The first paper by Katja Simončič, entitled Evaluating Approaches to Teaching and Learning Chinese Vocabulary from the Learning Theories Perspective: An Experimental Case Study, discusses two basic approaches to teaching Chinese vocabulary, and evaluates them based on the results of experimental study on Slovene students of Chinese.
The next two papers deal with the different lexica in Japanese language. Nataliia Vitalievna Kutafeva's research, entitled Japanese Onomatopoeic Expressions with Quantitative Meaning analyzes the lexical mode of expression of quantitative meanings and their semantics with the help of onomatopoeic (giongo) and mimetic (gitaigo) words, and based on it proposes the new arrangement of semantic groups.
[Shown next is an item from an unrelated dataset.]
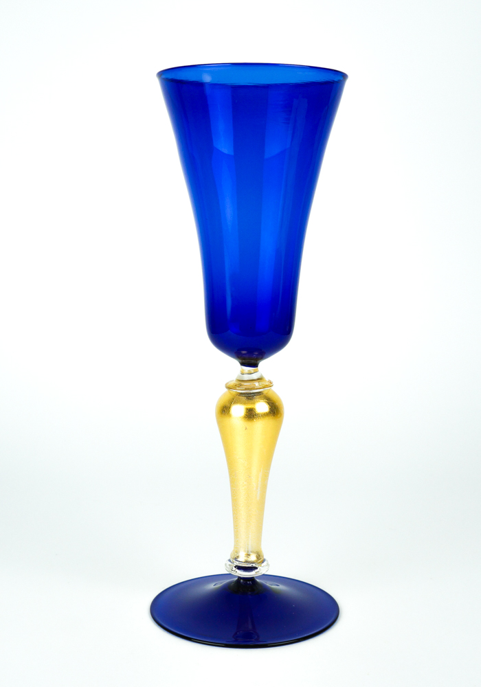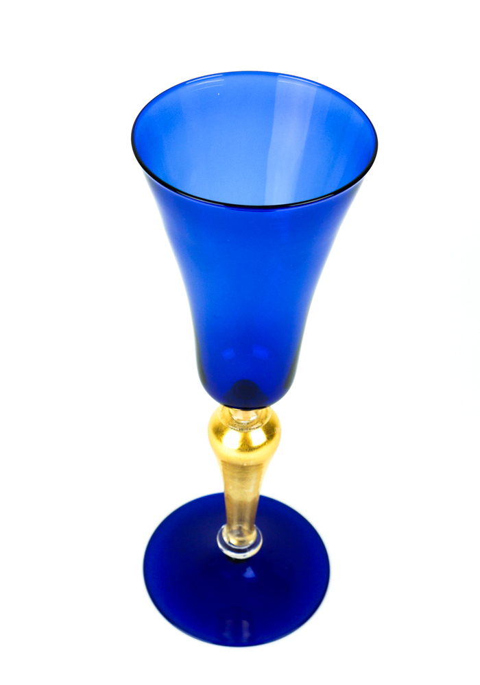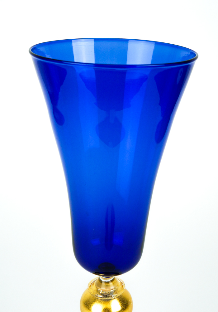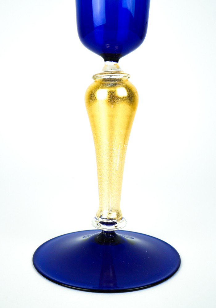Re Artù è un calice di colore blu cobalto con gambo in foglia oro 24 kt, eseguito interamente a mano con la tecnica della lavorazione del vetro soffiato di Murano.

Kiyomi Fujii’s research, entitled Blogging Identity: How L2 Learners Express Themselves, discusses identity expression in blogs by Japanese language learners on the intermediate and advanced level.
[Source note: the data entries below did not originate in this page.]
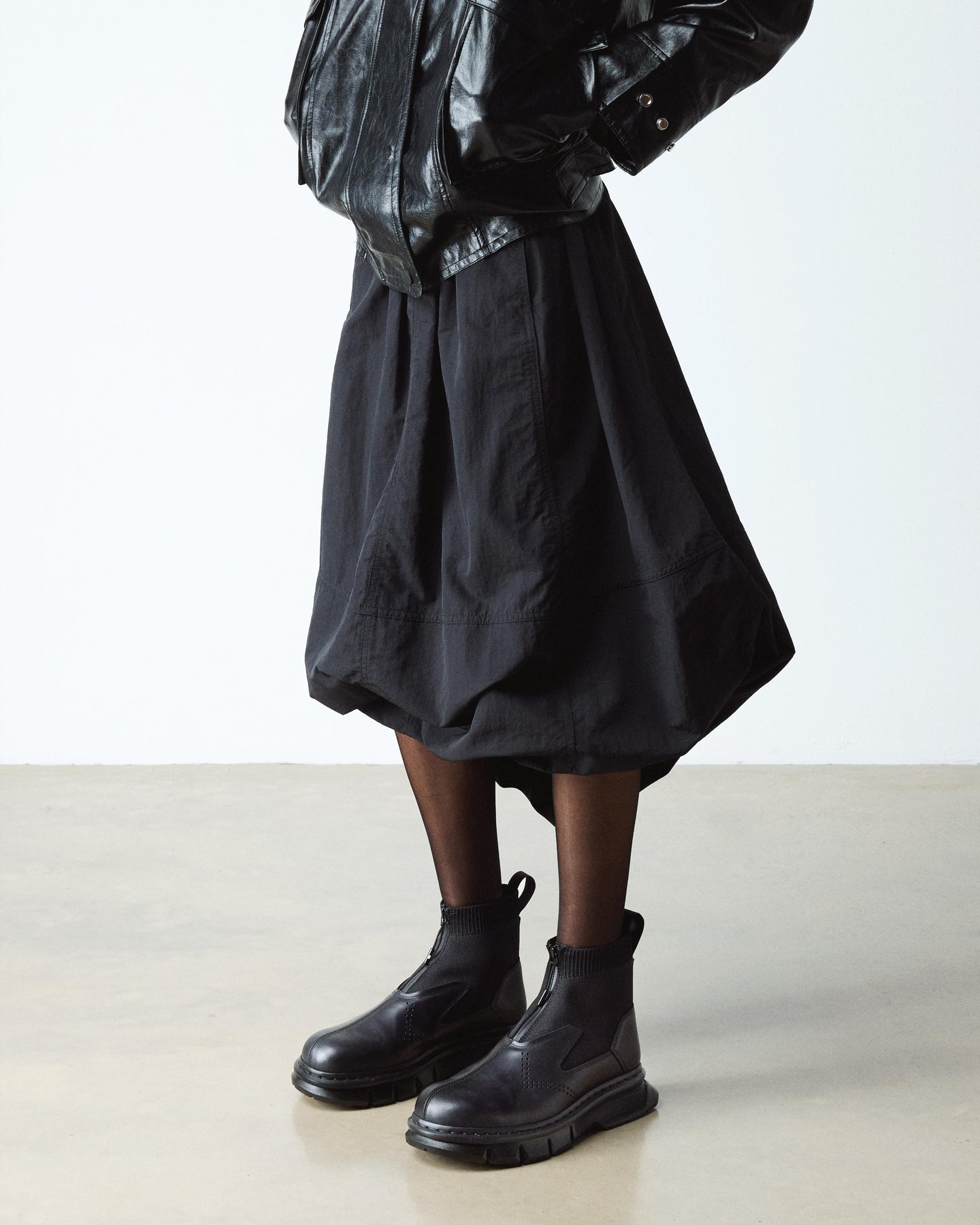 Crafted from easy-wearing, smooth Orleans leather, with a synthetic knitted sock bisected with a subtle front zip. The all-black upper is secured to the flexile outsole with a black-on-black welt stitch and fitted with a wide-footbed SoftWair insole for a more natural fit. And each pair is signed with an AirWair monochrome heel loop.
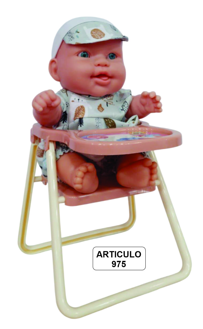 LITTLE BABY CON SILLITA DE COMER bebe de plastisol (semiblando), ojos fijos, mide 23 cm, viene con enterito y vincha con moño o vicerita, incluye sillita de comer, viene presentado en bolsa con solapa
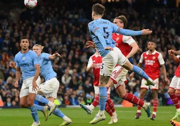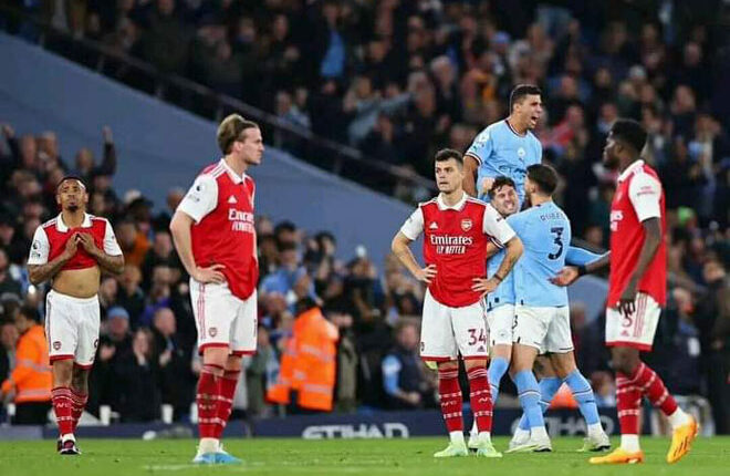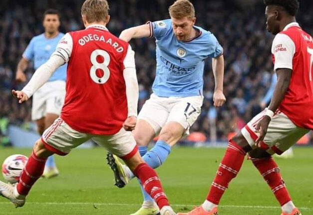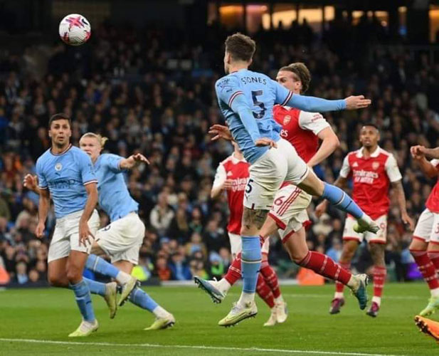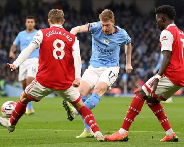 تابع مانشستر سيتي هوايته بهزيمة آرسنال وأنزل به خسارة جديدة وفي ملعب الاتحاد بأربعة أهداف لهدف ليقلص فارق النقاط معه إلى نقطتين لمصلحة الغانرز مع بقاء مباراتين مؤجلتين للسيتيزينز، حيث بات اللقب بيد كتيبة غوارديولا بغض النظر عن نتائج أرتيتا وفرقته، سجل أهداف اللقاء دي بروين هدفين وستونز وهالاند و لآرسنال هولدينغ.
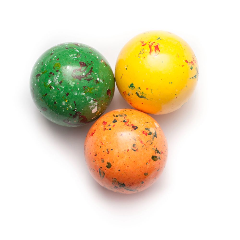 Sugary rainbow colors on these giant jawbreakers.
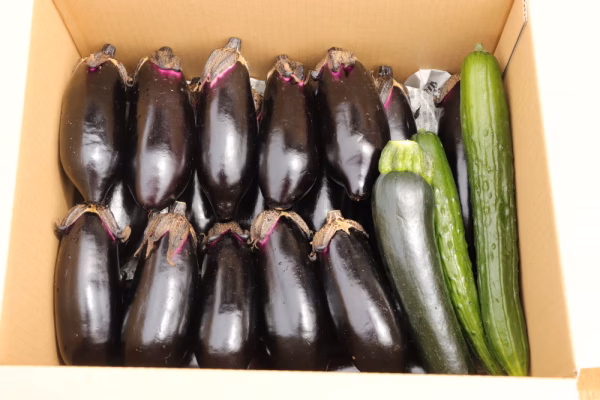 セット内容には、旬ナスの他に、その日に採れた野菜(キュウリ、ズッキーニ、等 (注))も、箱に入るだけサービスいたします☆

The paper by Nagisa Moritoki Škof, Japanese Language Education and Dyslexia:
On the Necessity of Dyslexia Research, shows an insight to dyslexia and through an outline of the present state of accepting and treating leaning disabilities in the Japanese education system stresses the importance of incounting dyslexia in language education in general.
Manel Herat in his paper Functions of English vs. Other Languages in Sri Lankan Buddhist Rituals in the UK, analyzes the language shifts from the Sinhala and Pali languages to English at Buddhist festivals and sermons in UK.
Next paper by Ali Ammar and his colleagues, Language Policy and Medium of Instruction Issue in Pakistan, briefly re-explores the situation of languages in the country and studies the latest language policy of Pakistan and its implications for local languages.
The last research paper in this volume Bhadarwahi: A Typological Sketch was written by Amitabh Vikram Dwivedi and is an attempt to describe phonological and morphosyntactic features of the under-documented Bhadarwahi language belonging to Indo-Aryan language family.
Finally, in the context of describing under-documented languages, the influence of the existing language policy is also noticed by Erwin Soriano FERNANDEZ and his book review on Pangasinan, entitled Panuntunán na Ortograpiya éd salitan PANGASINAN 2012. Manila: Komisyon sa Wikang Filipino.